American painter and environmentalist

George Sumner (born Aprıl 29,1940) is an American oil painter and environmental activist who began his career by creating marine-themed abstracts in the 1970s.

Sumner's painting style appears similar to airbrushing, but he applies oil paint directly to large canvasses with baby diapers prior to blending and layering. His palette of high contrast colors often includes deep blue-green-orche or pink-violets-ruby, which are frequently lightened with pure or slightly off whites. Common subjects and motifs he has returned to over the years include sea caves, coastlines, starfields, whales, dolphins, sea lions, jellyfish, volcanoes, butterflies, the Golden Gate Bridge, San Francisco Bay, fog, hummingbirds, dragonflies and grape leaves.

== Early life ==
Sumner was born and raised in San Francisco. He completed high school and served a three year tour of duty in Southeast Asia with the Navy (1959–61). He then attended the City College of San Francisco, where he focused on Ornamental Horticulture. He intermittently attended the San Francisco Art Institute from 1963-66.

==Career==
In 1967-74 Sumner worked as a gardener in San Francisco's Golden Gate Park. In 1970 he won a city-wide competition to create the official logo for the Golden Gate Park's 100th anniversary. He later create celebratory works of art for a number of commemorative events. In 1975 he began working full-time as an artist.

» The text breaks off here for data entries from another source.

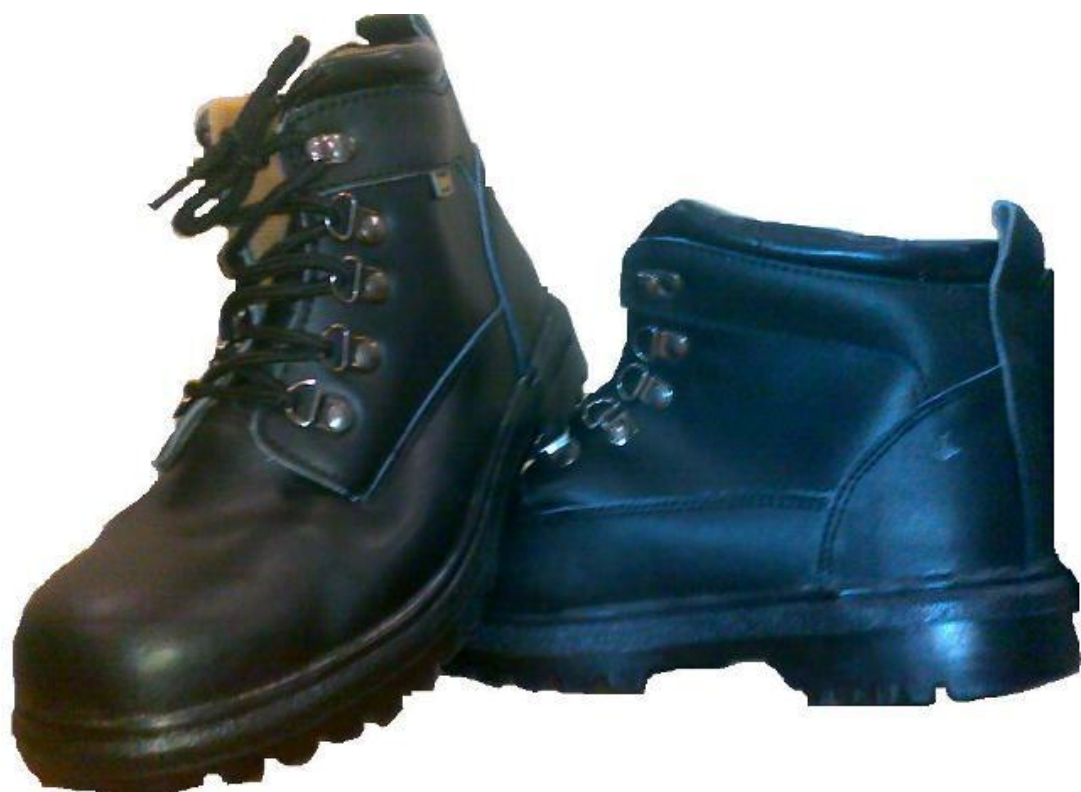
Ботинки Ранг 1500 тенге
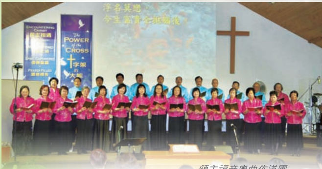
頌主福音粵曲佈道團
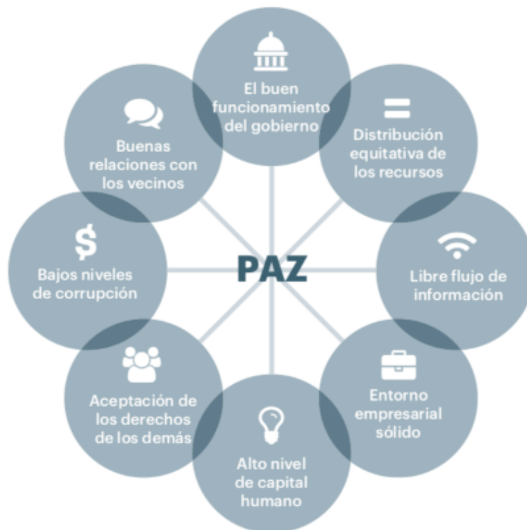
Figura 3: Ocho pilares del IEP. Institute for Economics and Peace. (2018).

Tal respuesta fructífera tiene su base en los ocho pilares para la paz del IEP, que se muestran a continuación:
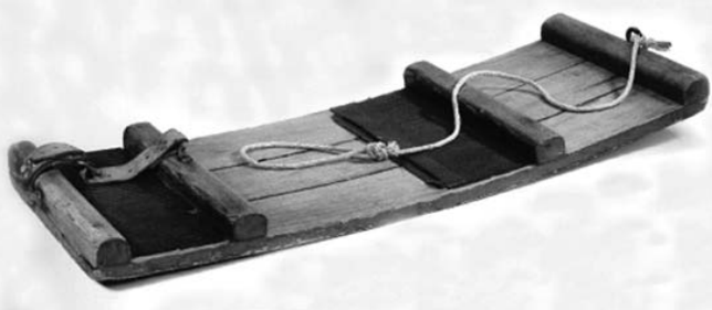
Прообраз современного борда

ния. Во время катания основная нагрузка приходится на четырехглавые, ягодично-седалищные мышцы, мышцы бедер и икр, подколенные сухожилия. Именно эти группы мышц укрепляются благодаря движениям, выполняемым при спуске с горы, в частности при поворотах на носках и пятках. Во время райдинга укрепляются также мышцы брюшного пресса, косые мышцы и поясница и, конечно же, развивается общая гибкость.
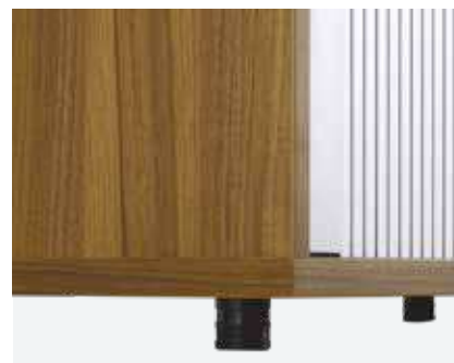
Stellfüsse Kunststoff 3,5 cm hoch, Niveaueingleich 15 mm, Farbe: Schwarz
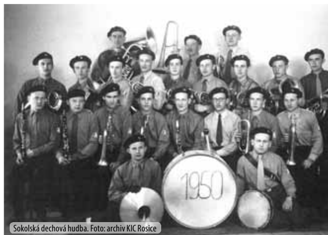
Sokolská dechová hudba.
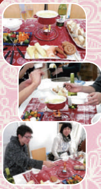
ヨダレフキナサイヨ

新年会を行いました。今年は二つのテーマに沿って二チームに分かれての実施です。チーズフォンデュチームのテーマは「フリースタ映え」。誰もインスタとかしてないけど頑張りました。今回の企画が決まってから、気になったのでチーズについてちよっと勉強してみました。原材料や菌種、火入れの有無、熟成期間や含水量などで様々な種類に分かれていることがわかりました。元々、フォンデュは固くなってしまったパンをどうにかして美味しく食べるための知恵らしく、原点に立ち返ったフォンデュを目指しました。そのためチーズに拘り、本場感のあるエメンタールとグリュイエールを求めて、休みの日にあちこち探しまわりました。 エメンタールは木の実のような独特の香りとマイルドな口当たりで、グリュイエールは癖が無くナッツのようなコクがあるチーズです。どちらもそのまま食べても美味しいので、フォンデュにすれば間違いなしです。 まずは下準備から始めます。パンは一口大に切り分けて、野菜は適当に切ってから茹でます。ここまではとても簡単でしたが、チーズをワインで溶かす作業が難しく、分量の感覚が今一つわからなくてワインを入れすぎてしまったのとチーズが分離して溶け切らなかつたのが心残りです。 写真を撮る時に盛り付けをすこく拘ってカラフルでゴージャスにして撮りました。 写真を撮るのが終わってからもみんなで食べ始めました。最初(食べ始め)はすごく美味しいチーズフォンデュを食べている所で、火力が落ちてきたので固形燃料を追加したら、誤って火柱が上がってしまい、ちよっとびっくりした。その結果チーズが固まって焦げてしまい、残念ながらチーズフォンデュは継続不能となり即終了。燃料はまだ燃えていたので、そのまま直火焼き大会になりました。ウインナーやパン、野菜を焼いて食べたら、意外と美味しかった。
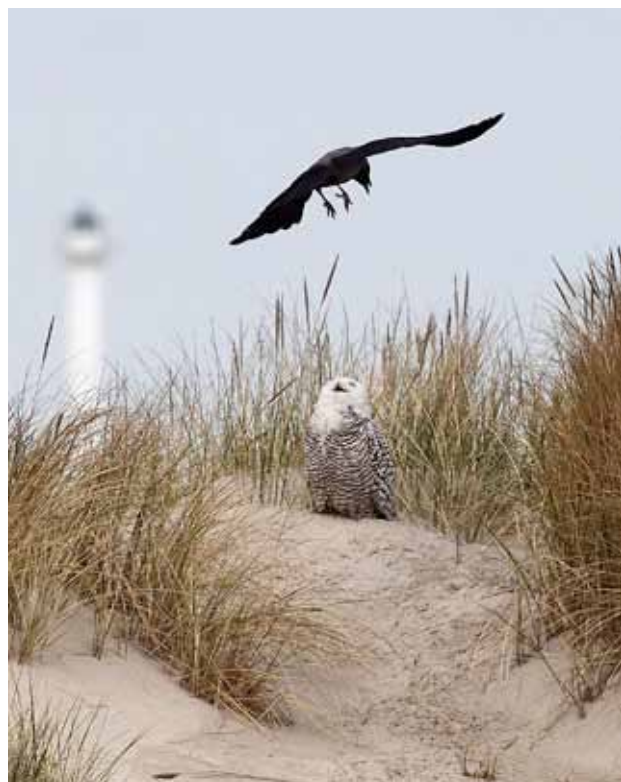
Sneugle, Grenen, 18. Maj 2010.

2010: 18-19/5, Skagen (NJ), 2K hun, *Rolf Christensen m.fl. (Foto). (Nordskandinavien, arktisk Rusland og Canada)
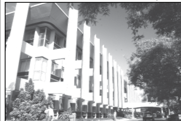
Fachada da CMPA
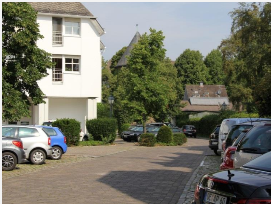
Schwierige Orientierung und Mängel in der Qualität der Fußwegebeziehung
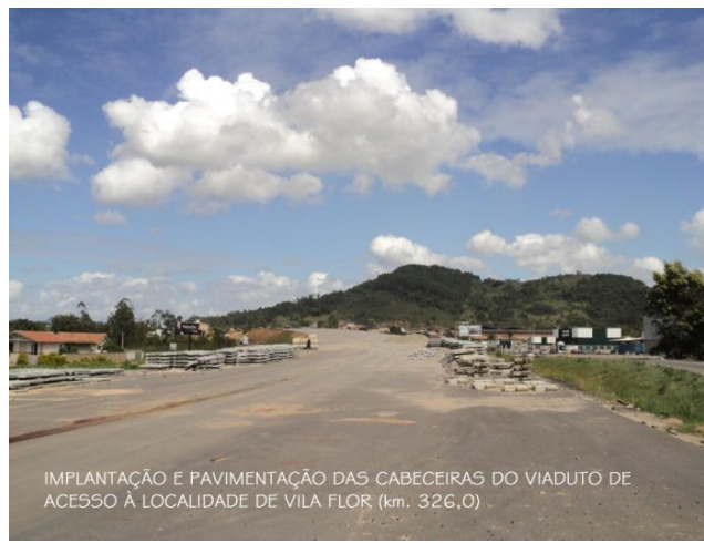
IMPLANTAÇÃO E PAVIMENTAÇÃO DAS CABECEIRAS DO VIADUTO DE ACESSO À LOCALIDADE DE VILA FLOR (km. 326,0)
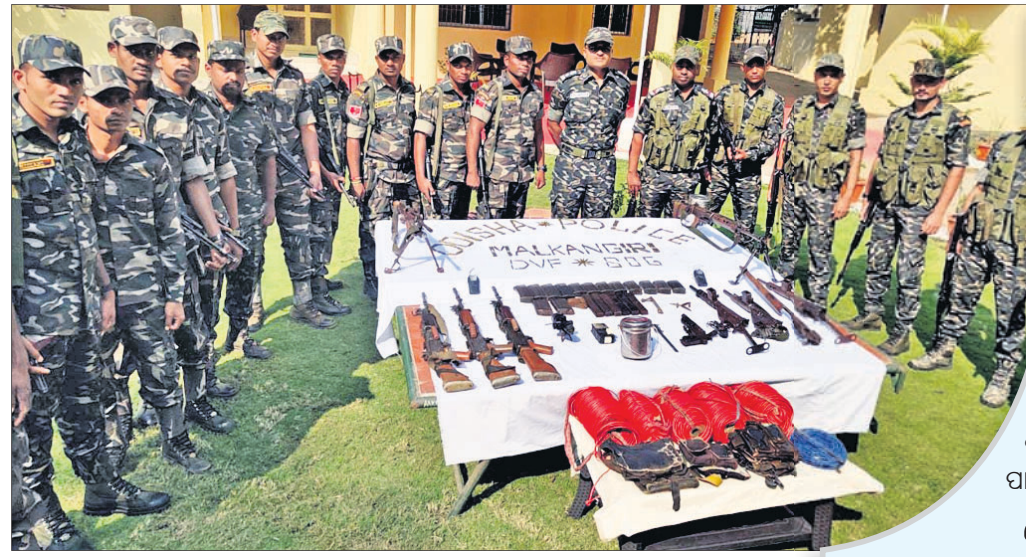
ଜବତ ମାଓବାଦୀ ସାମଗ୍ରୀ ସହ ଯବାନମାନେ ।
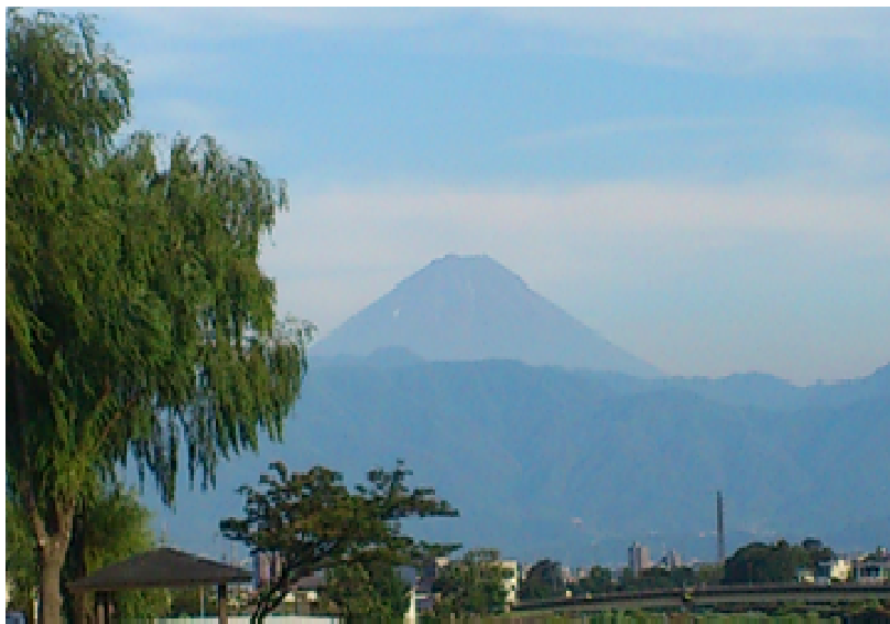
北甲府介護施設から望む富士山
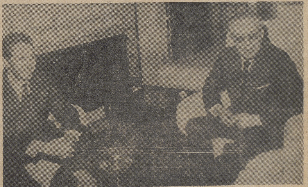
En la fotografía, de Ap-Europa Press, un momento de la entrevista mantenida por el ministro español de Asuntos Exteriores, señor López Bravo con el primer ministro tunecino, Hedi Nour, en el Palacio presidencial.

El ministro hizo constar anteriormente la grata impresión que le había producido la labor del Gobierno tunecino que, en orden y estabilidad, prosigue la tarea del desarrollo en aquél país.
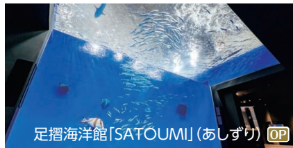
足摺海洋館「SATOUMI」(あしずり) OP
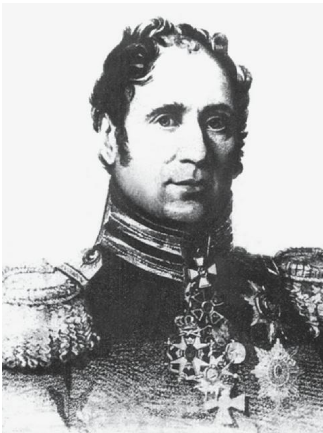
Генерал К.И. Опперман, один из авторов проекта крепости.

В 1803 г. генералу Сухтелену, возглавившему особую Инженерную экспедицию, было поручено произвести осмотр западных губерний. Тогда же Военное Министерство согласилось с его точкой зрения на необходимость укрепления западной границы империи. Подготовка экспедиции растянулась на год, а разразившаяся война с Наполеоном 1805–1807 гг. привела к новой отсрочке. Наконец осенью 1807 г. Сухтелен совершил объезд присоединенных территорий. В своем докладе он особо подчеркнул стратегически важное положение Брест-Литовска и необходимость строительства здесь крепости как опорного пункта действующей армии.
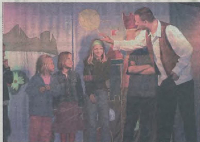
Dzieci aktywnie uczestniczyły w przedstawieniu pt. „Szewczyk Dratewka”
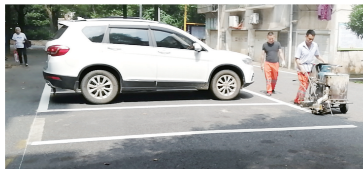
▲工作人员在施划停车位。

很快,近6万居民通过网格微信群陆续收到了关于整治的消息。在这场行动中,除了检查组现场检查打分,居民与企业的满意度占比五成,直接影响结果。被判定为不合格的物业公司将“出局”。
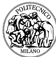
Politecnico di Milano
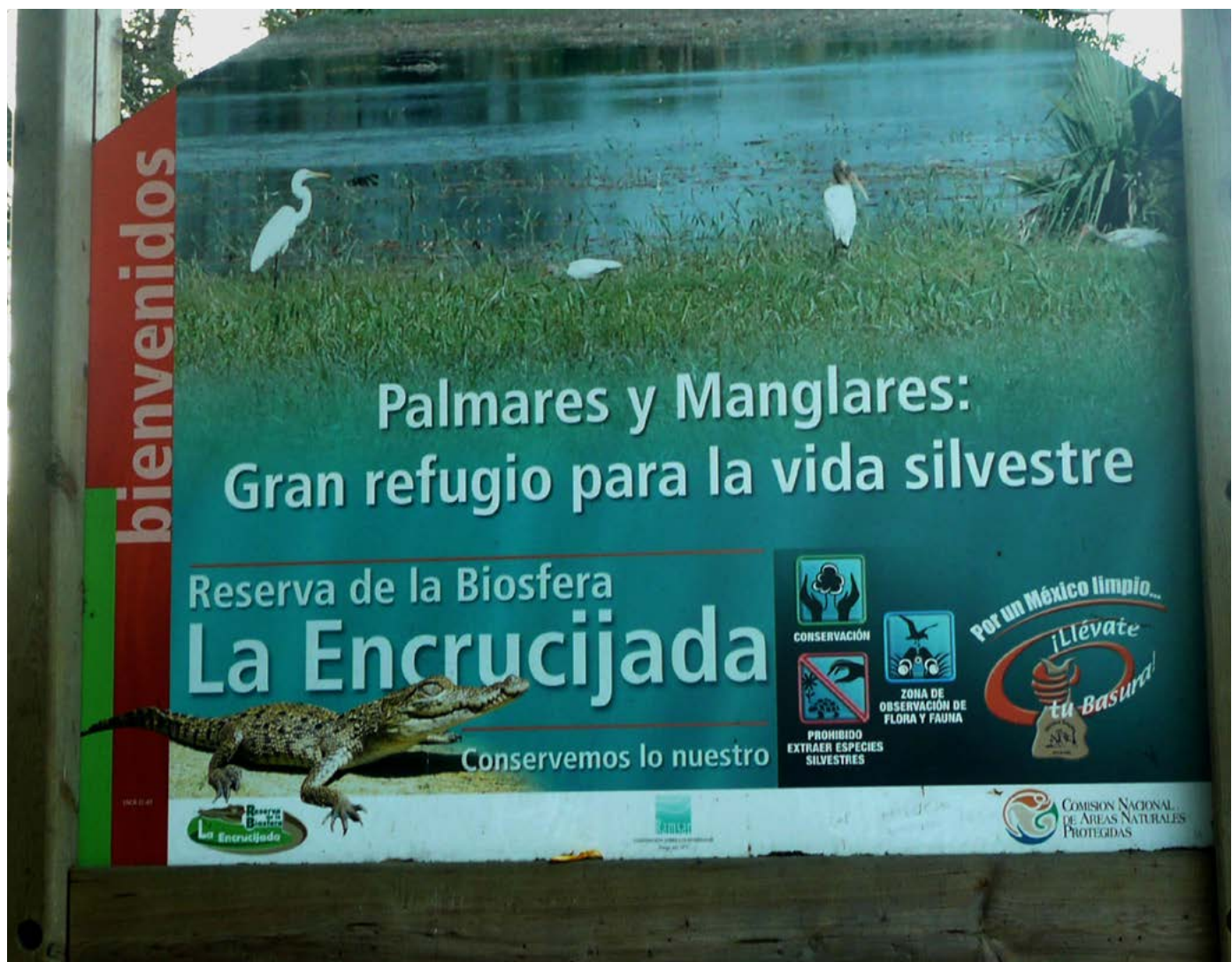
Figura 4. Cartel en la Reserva de la Biosfera La Encrucijada indicando algunos de los objetivos del área protegida.
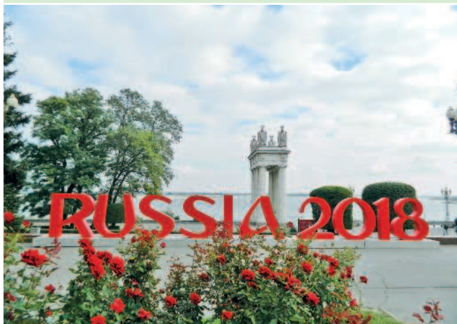
Волгоград в ожидании чемпионата мира

День второй. С раннего утра можно отправиться на Мамаев курган — именно в это время там можно бродить в относительном спокойствии. Уже с 9 часов утра на курган начинает стекаться масса народа, особенно в горячий туристический сезон. Кроме того, если вы приехали в Волгоград летом, именно раннее утро позволит вам избежать ужасающей жары и зноя на открытом пространстве. Полюбовавшись панорамой города, спуститесь с кургана обратно. Вы можете совершить прогулку мимо нового стадиона «Волгоград-Арена» и оказаться в парке «Дружба». Это хорошее место для отдыха, там
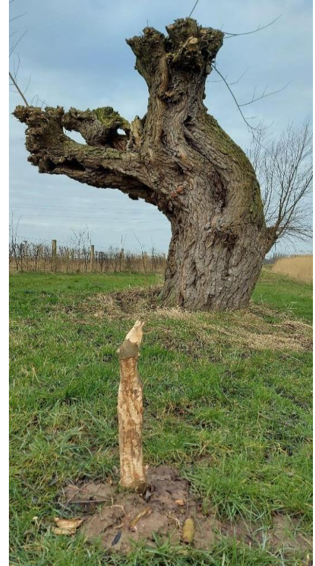
Dit wilgje was natuurlijk bedoeld om de oude wilg te gaan vervangen.

Uit de monitoring van de voedselbossen bleek dat de vegetatie verschuift van veel ruigtesoorten naar meer grassen. Met name distels en zuring nemen af. De vlinders hadden wat aantal individuen betreft en in aantal soorten een goed jaar. In andere voedselbossen kan dit anders liggen, het is erg afhankelijk van de omstandigheden per jaar. Aan paddenstoelen is de waarneming nog beperkt, mycorrhizasoorten zijn nog niet gezien. Ook voor mossen is de ontwikkeling nog pril. Kikker en kleine watersalamander zijn er wel volop, Vlinders, kikkers en salamanders, vogels vertonen in wisselende mate een voornamelijk opgaande lijn in aantallen en of soorten.
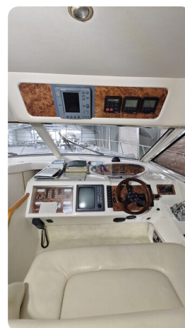
Princess 420 ARNO 6
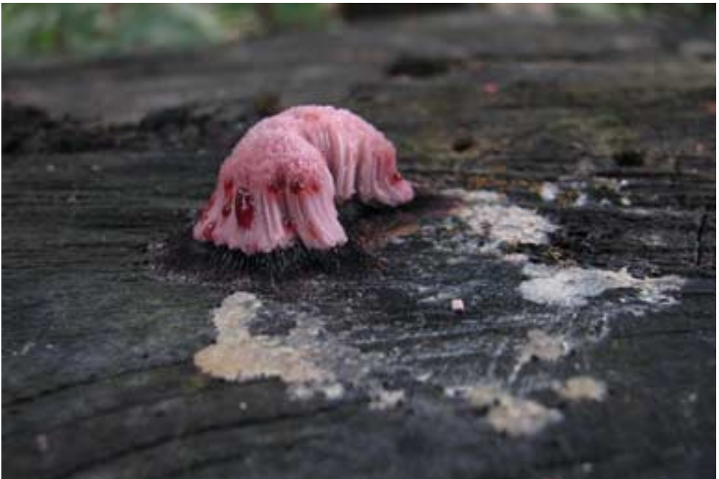
Abb. 14 (oben): Ablösender Rindenpilz ( Cylindrobasidium laeve ) Abb. 15 (unten): Ein Schleimpilz ( Stemonitis cf. axifera )
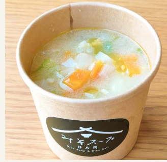
● ミネストローネ (白味噌と野菜) 五〇〇円
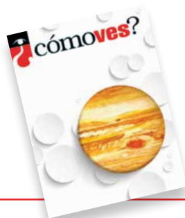
Ilustración: Catya Shok – Skymax/Shutterstock Diseño: Georgina Reyes Coria Año 22 • Núm. 255 • Febrero 2020
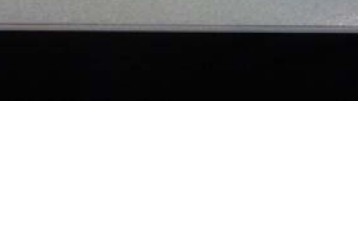
Pyöriäinen pyöriäinen pinnassa käyvä näyttaa tältä. Parhaiten pyöriäisiä havaitaan nyt vesillä.

Alueen Suomessa tavattava valaslaji pyöriäinen on vaarassa hävitä kokonaan.
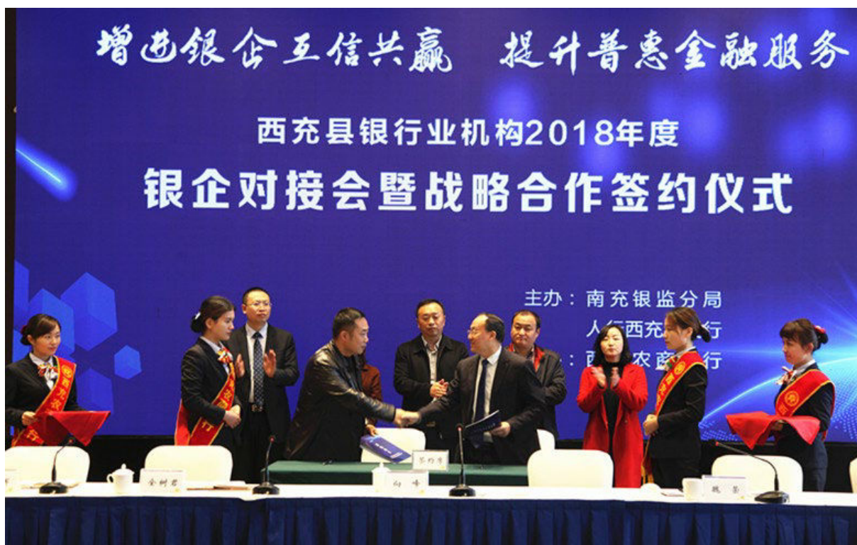
11月9日，召开西充县银行业机构2018年度银企对接会暨战略合作签约仪式
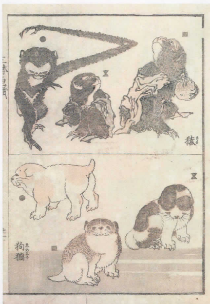
「三体画譜」 An Album of Painting in Three Styles
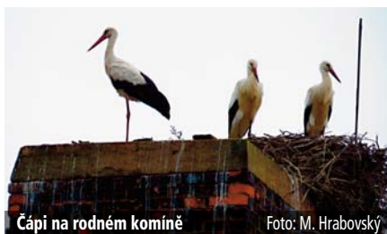
Čápi na rodném komíně

Naším čápům však podobné nebezpečí na komíně v oblasti bývalého Agrozetu nehrozí. Jejich hnízdo zabírá jen část prostoru na komíně, ostatní plocha mladým čápům znamenitě slouží k učení startu, přistávání nebo i hravým potyčkám. Čápi se hlasovými projevy údajně nedorozumívají, je však poznat, že si dobře rozumí, jako by říkali: „podívej, jak vysoko už mne křídla nesou, už jsou to jistě 2 metry.“ „to nic není, já vylétnu ještě výš, dívej se!“ I když jsou mláďata vzletná, umí létat, jsou stále na rodičích závislá. Mnoho času stráví úpravou peří a čekáním na rodiče. Stojí obě vedle sebe na okraji komína se zrakem upřeným ve směru, kam rodiče odlétali za potravou, nic jim neujde,
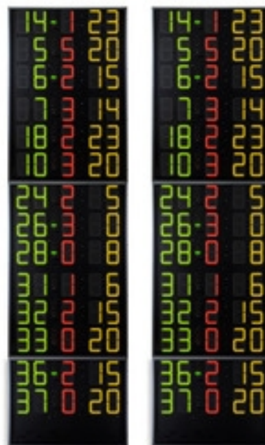
Códigos de artículos y precios (IVA no incluido)
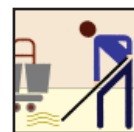
Mop & Bucket Mop y Cubo
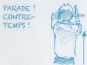
Parade ou contre-temps exécuté par l'escrimeur à droite de l'arbitre.

One of Sumner's early works is "First Breath" which depicts a humpback whale mother lifting her newborn to the surface to collect his first breath of air. This was used as the first fine art poster to raise money for the environmental group Greenpeace.

His work "Sweet Liberty", an abstracted version of the Statue of Liberty, was selected to commemorate the 100th anniversary of the opening of the Statue of Liberty in New York Harbor. in 1986. That painting is now housed in the Liberty Island museum. Another painting with this theme, "The Spirit of America", with the statue's base draped in an American flag, was created after the 9/11 terrorist attacks. Lithographs were presented to people and families effected by attacks in New York City and Washington D.C. Sumner created "The Impossible Dream" in 1987, commemorating the 50th anniversary of the opening of San Francisco's Golden Gate Bridge. It was featured as part of the anniversary celebration.

Sumner's painting "The Peacemakers" embodies the theme of World peace and understanding. It depicts two dolphins kissing while floating above the earth. It was presented by Sumner to the then leader of the Soviet Union, Mikhail Gorbachev on his visit to Stanford University in 1990. Gorbachev saw the piece as Sumner stood with it on the sidewalk at Stanford's Hoover Institution, broke from his security detail, and held a five minute discussion with Summer.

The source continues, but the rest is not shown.